There were no unscheduled deaths during the course of the study.

 

After 4 weeks of exposure, a pronounced increase in total serum T4 levels was observed in females of all dose groups and in males of groups 3 and 4. Conversely, considerably lower total serum T3 levels were observed in both genders of group 4. The pronounced increase in T4 was considered to lead to an increase in the basal metabolic rate which resulted in reduced body weight development as observed in both genders of all dose groups.

 

In tissues outside the thyroid, particularly in the liver and kidneys, T4 is converted in T3, an active metabolite, by mono-deiodination of the outer phenol ring. It was hypothesised that the substance acted as inhibitor if the (hepatic) de-iodinase leading to an accumulation of T4 and a concomitant decrease in T3. This suggested mode of action was investigated by determination of in vitro conversion of T4/T3 catalysed by rat and/or human liver microsomes in presence of the test substance. The test substance was showed in vitro to inhibit the 5’-deiodinase activity in rat liver microsomes, whereas in human liver microsomes only a slight inhibition of 5’-deiodinase activity was observed.

 

The liver was established as target organ of the test substance by the observation of hepatocellular hypertrophy, reflected by increased liver weight, in both genders of all dose groups although it was considered to be of adaptive nature.

 

Atrophy of testes, epididymis, prostate glands and seminal vesicles in males of groups 3 and 4 correlated with reduced size of those glands. For testes and epididymis, there was a considerable decrease in weight in relation to dose. These findings in male reproductive organs were still present after 4 weeks of recovery and were deemed to be of adverse character. Testicular lesions were confirmed by the significant decrease in Inhibin B levels at the 2 highest doses. Levels returned to normal after the 4 -week recovery period.

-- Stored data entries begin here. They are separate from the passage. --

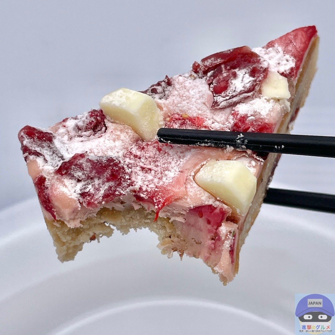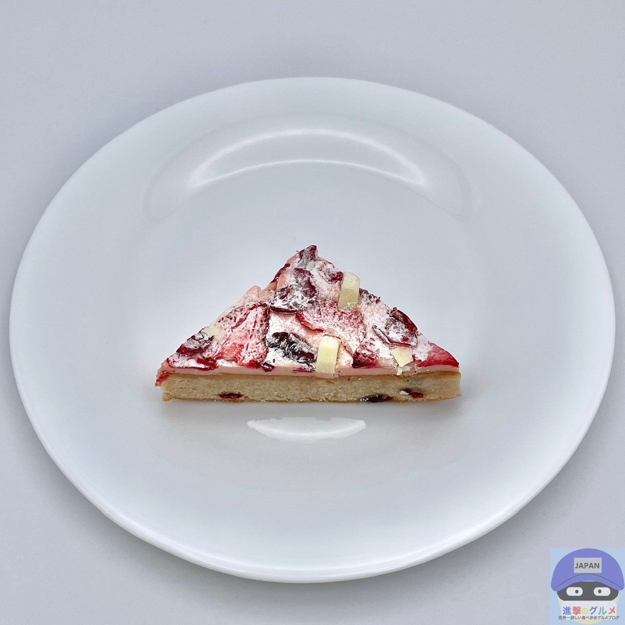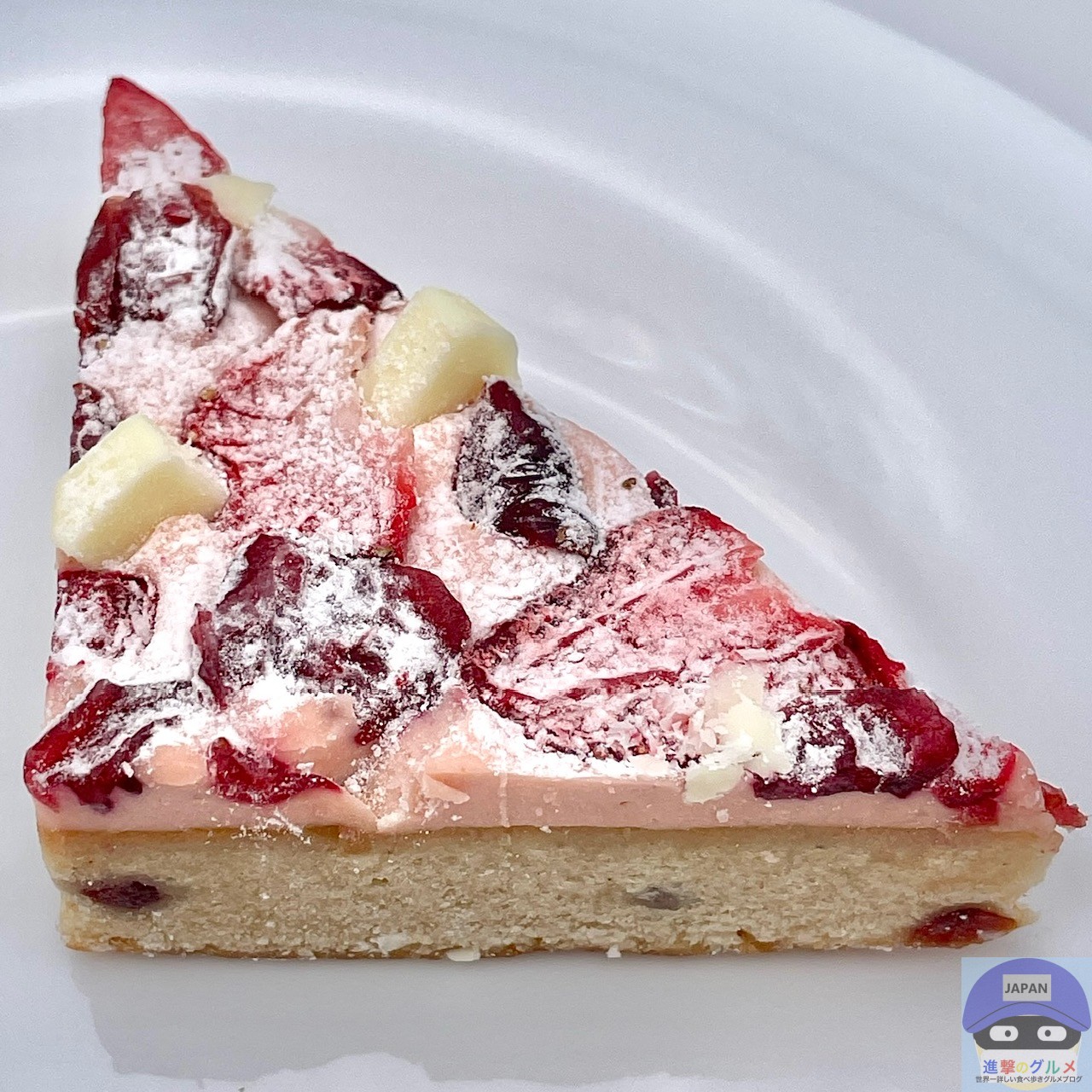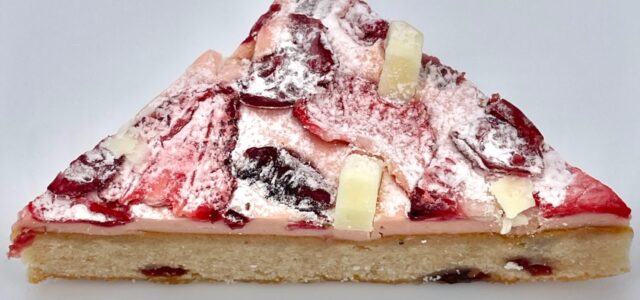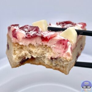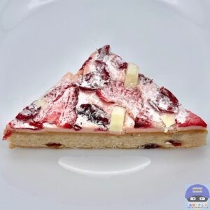 ベリーが入った、シナモンなどスパイス香る生地にストロベリークリームチーズフィリングを重ね、ストロベリー・クランベリー・ホワイトチョコレートチャンクなどをトッピングした焼菓子です。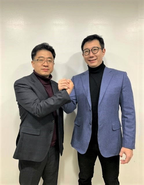 ▲ 씽크라이온 정정용 대표(좌)와 비즈모델라인 김재형 대표(우)가 제휴를 맺고 기념촬영하고 있다. <사진 : 씽크라이온 제공>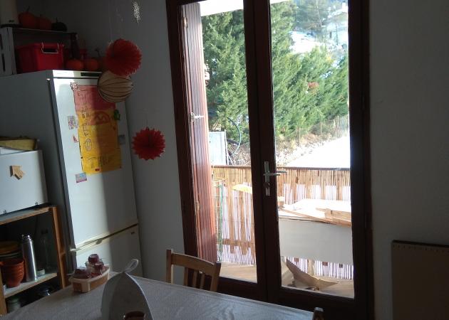 La cuisine, avec balcon, est à disposition seulement pour usage minimaliste : bouilloire, micro onde.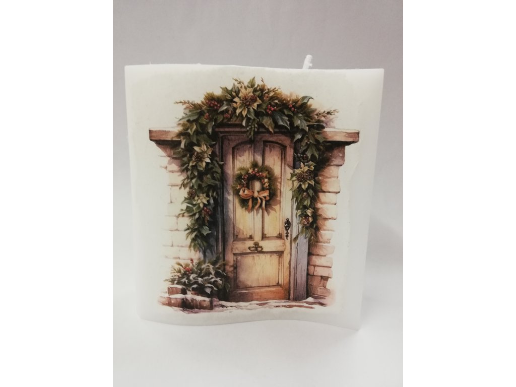 Svíčka z parafínového vosku zdobená - vlna 2 knoty 19 x 15 cm - Dveře zdobené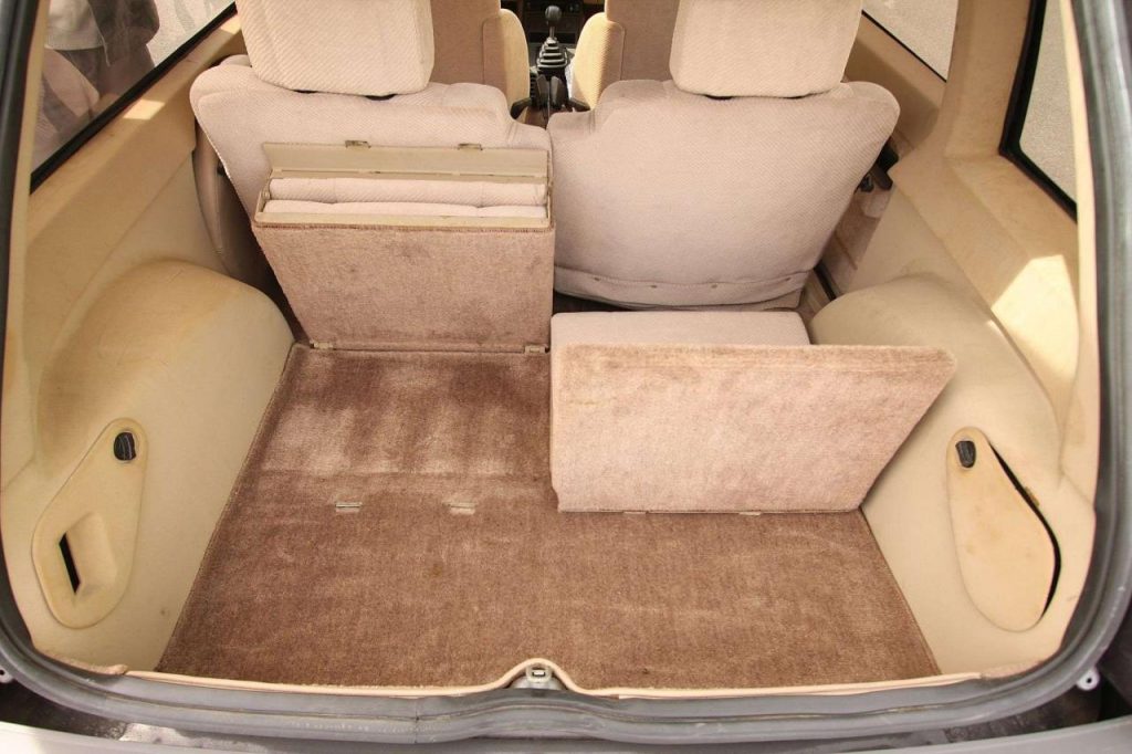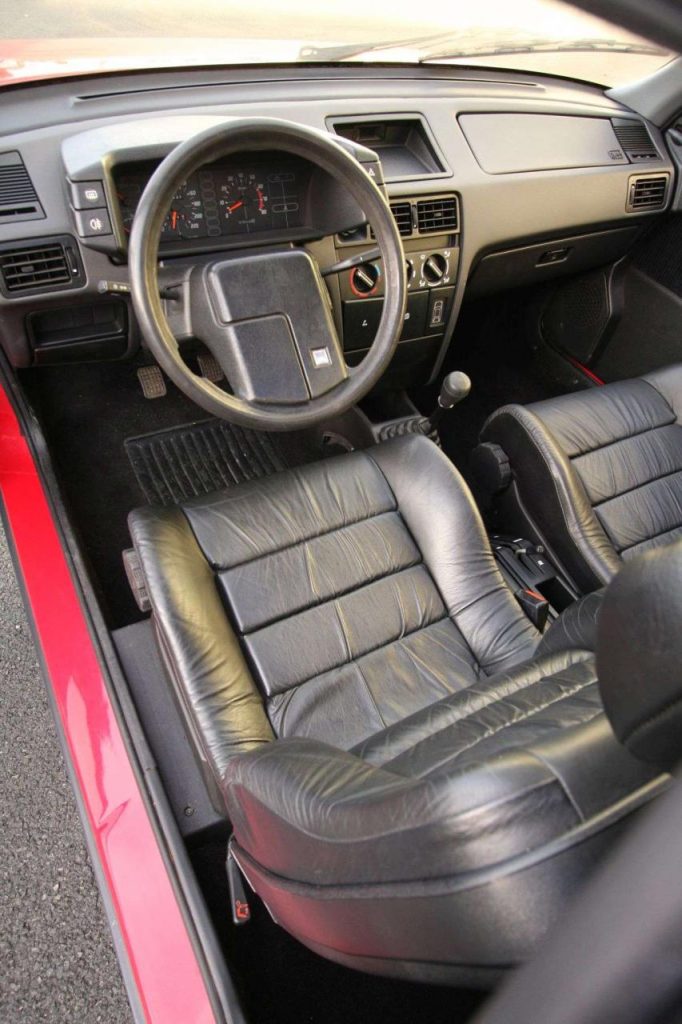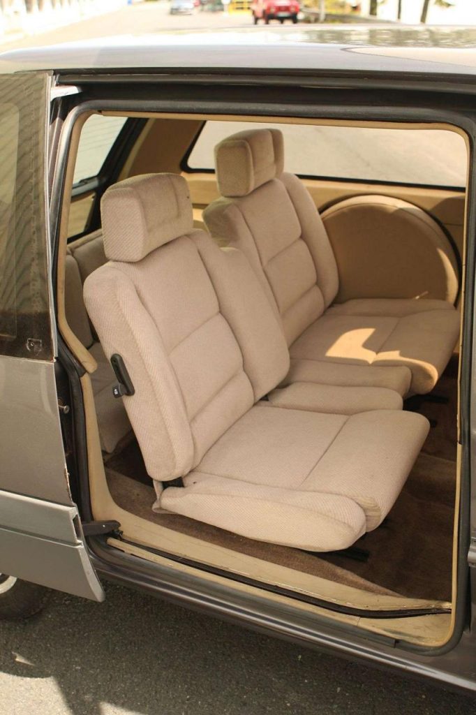 A l’intérieur, Heuliez met à profit le coffre pour y intégrer deux sièges escamotables. Vous noterez que les ceintures sont absentes. Elles ne deviendront obligatoires à l’arrière qu’en 1990 (!) on le rappelle. Heuliez remplace la banquette par deux fauteuils à l’arrière. A noter qu’il est indiqué 2/3 places. La place du milieu semble scabreuse.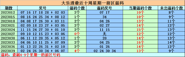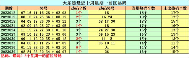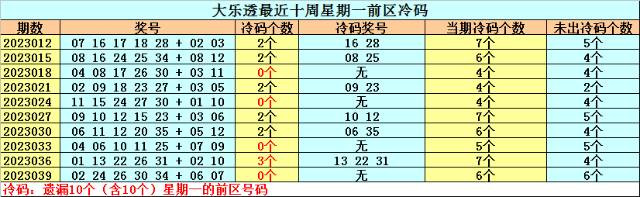 冷号分析:前区冷号在最近十周星期一开出13个,平均每期有1。3个,冷号明显解冻,上周星期一冷号没有出现,冷号没有出现,本周星期一不看好冷号解冻。
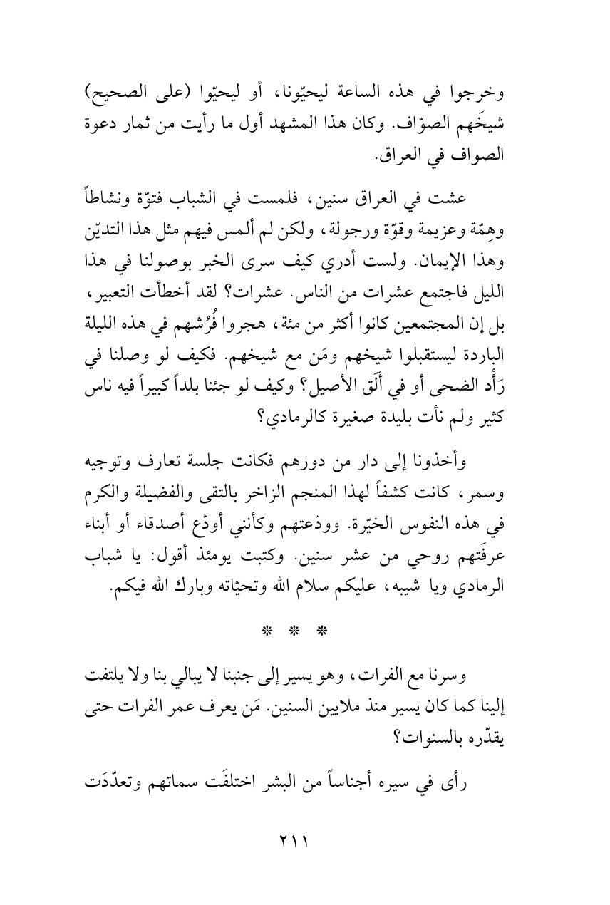 عشت في العراق سنين، فلمست في الشباب فتوّة ونشاطاً وهِمّة وعزيمة وقوّة ورجولة، ولكن لم ألمس فيهم مثل هذا التديّن وهذا الإيمان. ولست أدري كيف سرى الخبر بوصولنا في هذا الليل فاجتمع عشرات من الناس. عشرات؟ لقد أخطأت التعبير، بل إن المجتمعين كانوا أكثر من مئة، هجروا فُرُشهم في هذه الليلة الباردة ليستقبلوا شيخهم ومَن مع شيخهم. فكيف لو وصلنا في رَأْد الضحى أو في أَلَق الأصيل؟ وكيف لو جئنا بلداً كبيراً فيه ناس كثير ولم نأت بليدة صغيرة كالرمادي؟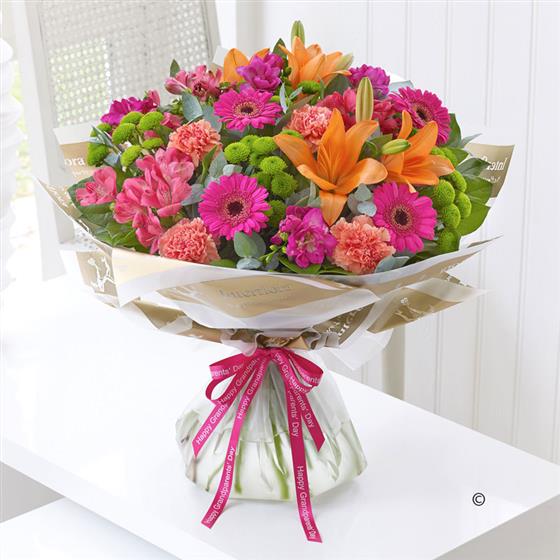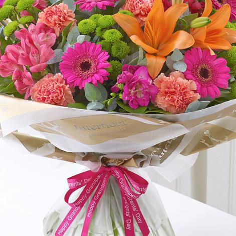 Featuring 3 cerise alstroemeria, 4 orange carnations, 4 green spray chrysanthemums, 4 cerise freesia, 4 cerise germini and 2 orange Asiatic lilies with eucalyptus and salal, wrapped and trimmed with a ‘Happy Grandparents' Day’ ribbon.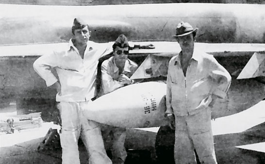 Подвеска зажигательных баков ЗБ-500Ш на самолете МиГ-21бис. Крайний слева -заместитель командира 927-го полка Н. Карев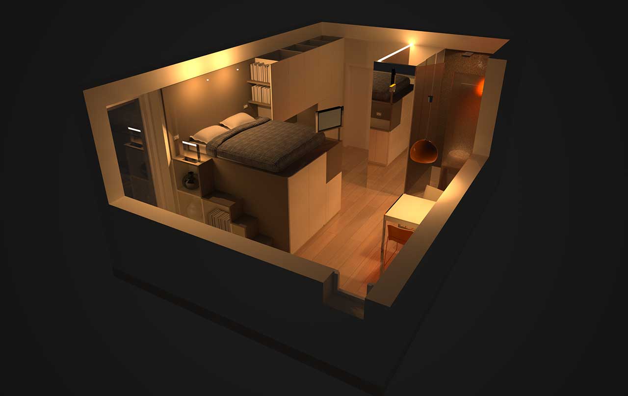 micro alloggi di 26 mq all’interno di una torre residenziale e direzionale progettata da mario botta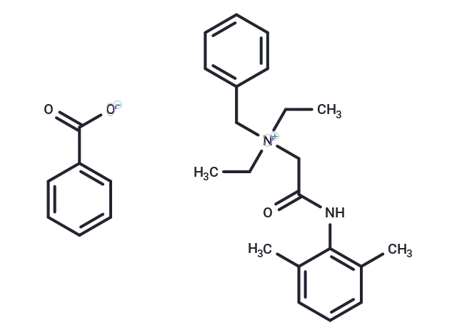 – Denatonium benzoate (THS-839) , a quaternary ammonium cation, is a compound of a salt with an inert anion like saccharide or benzoate. Its structure is involved in the local anesthetic lidocaine which difference only is the addition of a benzyl group to the amino nitrogen.
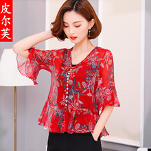 皮尔芙2017夏季新款V领宽松印花短袖喇叭袖雪纺衫荷叶边上衣女
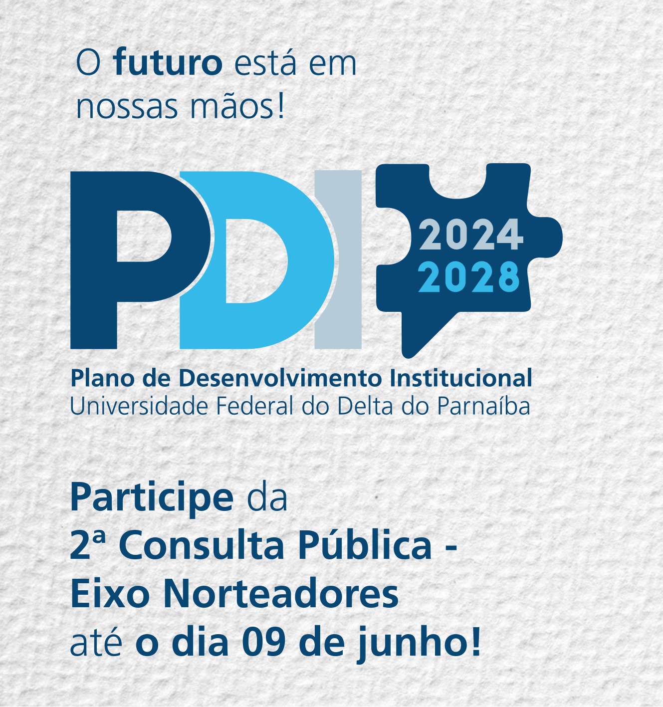 O PDI, plano de desenvolvimento institucional, é o principal documento que vai guiar o planejamento estratégico da UFDPar para os próximos cinco anos. A segunda Consulta Pública estará aberta hoje, 26 de maio de 2023, até o dia 9 de junho de 2023, onde será possível contribuir para a Construção dos Eixos Norteadores. Participe acessando a página do PDI no portal da UFDPar.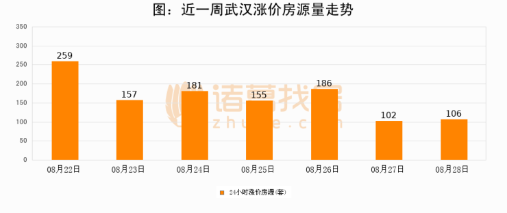 根据诸葛找房数据显示,武汉24小时涨价房源量为106套,较08月27日增加4套,环比上涨3.9%。与此同时,涨价房源占比小幅扩大,业主信心有所提升。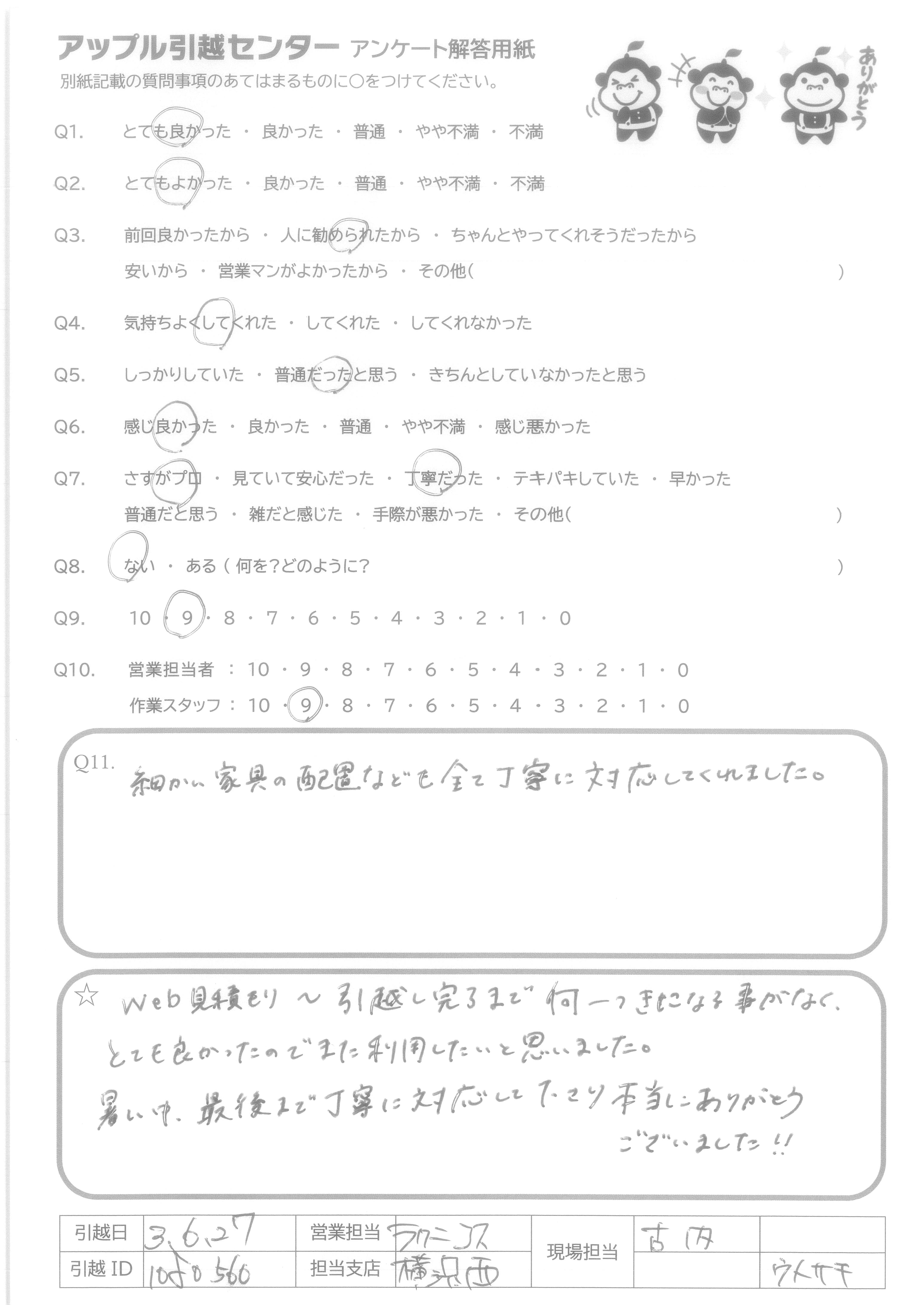 A.ひと通りの対応が良く、家具の配置を私に聞いて丁寧に置いてくれたから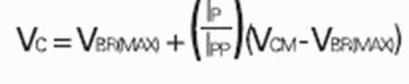 假设二极管的电压是VBR(MAX)(最坏情形中的导电开端)和VCM(对应于最大电流IPPM的箝位电压)之间电流的线性函数,并且VBR(MAX)位置的电流相对于IPPM可忽略不计,则中等电流时箝位电压的保守估算值为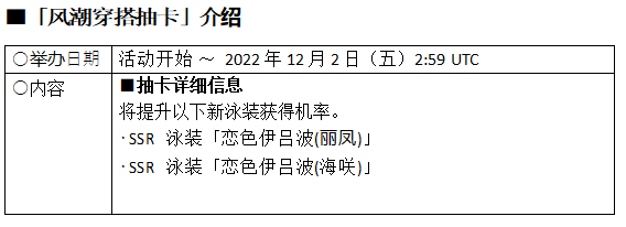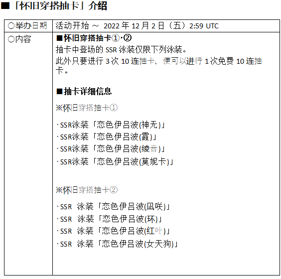 此外,“丽凤”“海咲”的新 SSR 泳装“恋色伊吕波”登场的“风潮穿搭抽卡”,以及“霞”和“环”等 8 位女孩的 SSR 泳装“恋色伊吕波”登场的“怀旧穿搭抽卡”也开始了。活动期间内,2 种“怀旧穿搭抽卡”每天都可以进行1 次免费抽卡。

In addition, atrophy along with reduced size was also observed in seminal vesicles of males from group 2 and was deemed to be of adverse character.

 

The atrophy in male reproductive organs was considered to be induced by the changes in thyroid hormones via altered endocrine feedback-regulation of TSH/TRH. Hypertrophy of the pituitary gland was observed in one female from group 4.

  

Based on the results of this study, a no-observed-adverse-effect-concentration (NOAEC) could not be established for the test substance. Therefore, the NOAEC of the test item was considered to be lower than 0.198 ppm (0.00448 mg/L).